The director’s landmark achievements include a nine-hour Mahabharata, putting Shakespeare on trapezes and directing Olivier, Gielgud and Scofield at the RSC

The groundbreaking British theatre director Peter Brook, whose huge influence reached around the world, has died at the age of 97. His death on Saturday, 3 July was confirmed by his assistant, Nina Soufy.

Brook redefined the way we think about theatre with his productions at Stratford’s Royal Shakespeare Company; at the Bouffes du Nord, the dilapidated Parisian music hall which he made his base for more than 30 years; in African villages, where his actors improvised performances; and on the stages both grand and modest visited by his globetrotting ensemble.
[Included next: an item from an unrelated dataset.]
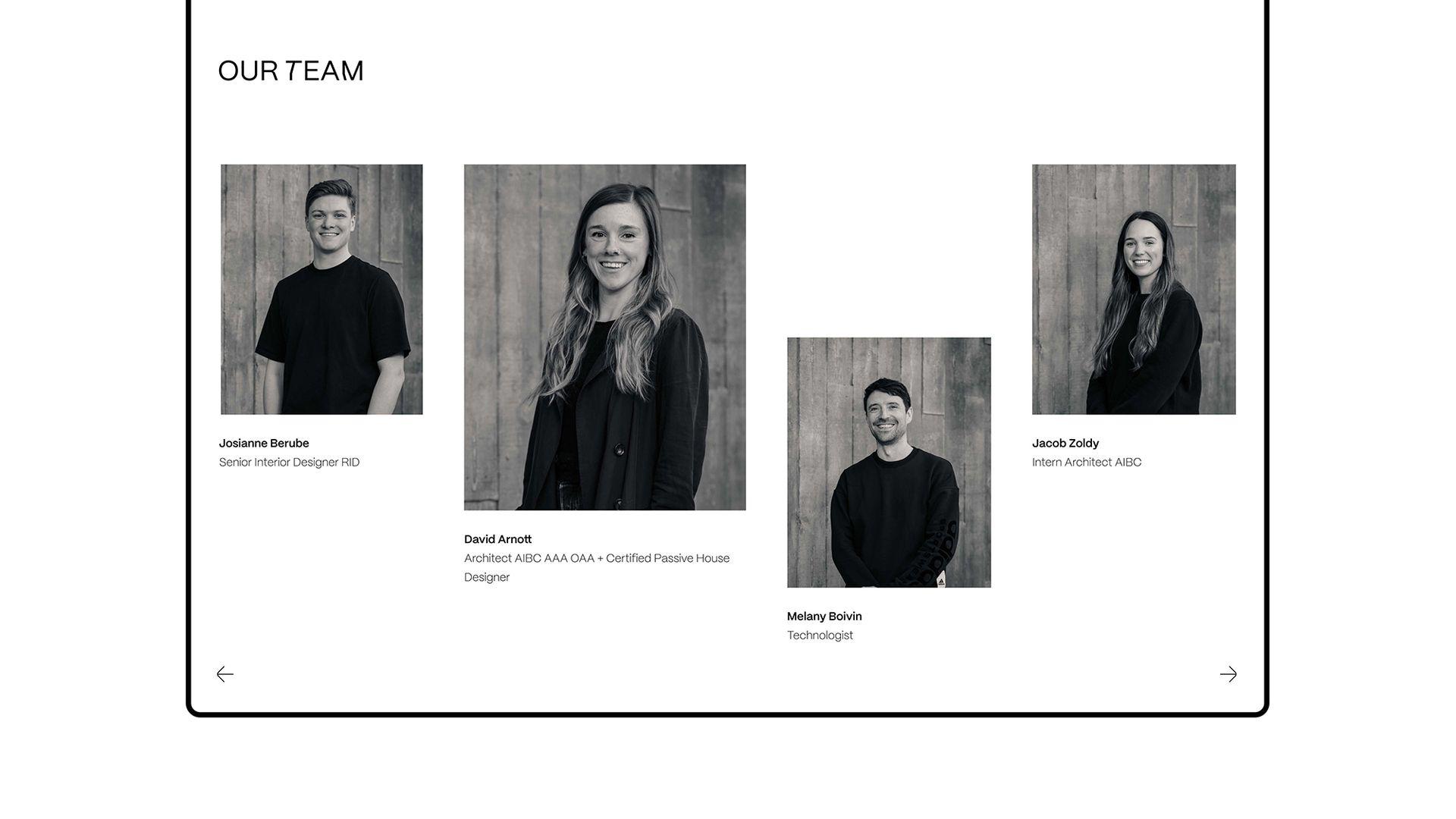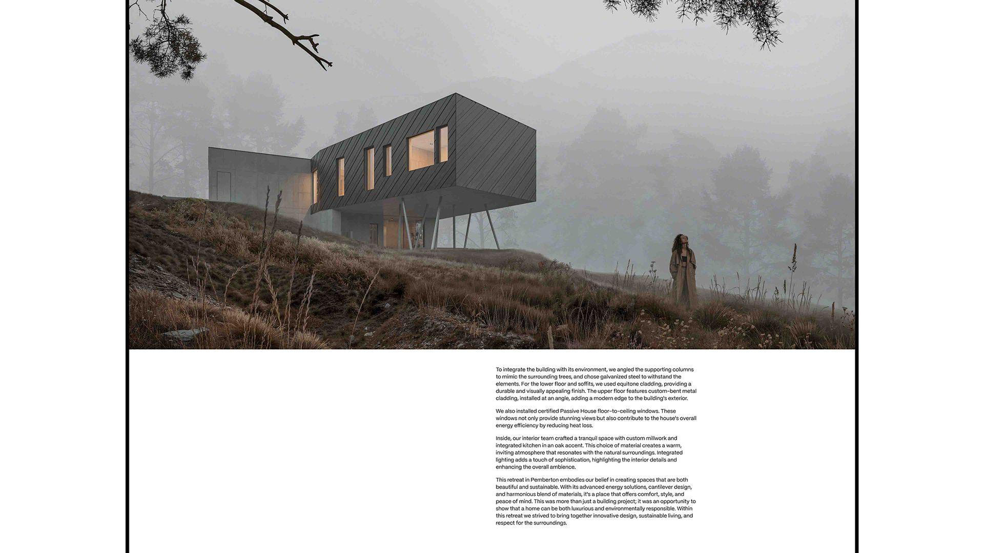 Главная страница сайта отражает суть визуальной идентичности бренда, плавно сочетая мягкий минимализм с архитектурой, вдохновленной природой. На входном экране мы видим один из архитектурных проектов бренда, который погружает нас в захватывающий мир творений, но, наведя курсор на изображение, мы видим чертеж самого здания, дополненный ключевыми сообщениями бренда. Тот же эффект работает и в мобильной версии - главно изображение можно проскроллить, чтобы изменить его. Такой динамичный дизайн отражает стремление бренда к архитектурному совершенству через интуитивно понятную навигацию и удобный доступ к информации о услугах и портфолио.

Many of his productions were celebrated for stripping theatre of superfluity and distilling the drama to its essentials, presented with a clear eye and an elegant touch. Brook’s landmark 1970 RSC version of A Midsummer Night’s Dream, influenced by both a Jerome Robbins ballet and the Peking Circus, was performed in a white cube of a set and boasted trapezes, stilts and a forest of steel wire. Ben Kingsley, who was among its cast, told the Guardian: “Although his passing leaves a huge gap in the world, his genius continues to guide those of us who were fortunate enough to work with him, know him and love him.”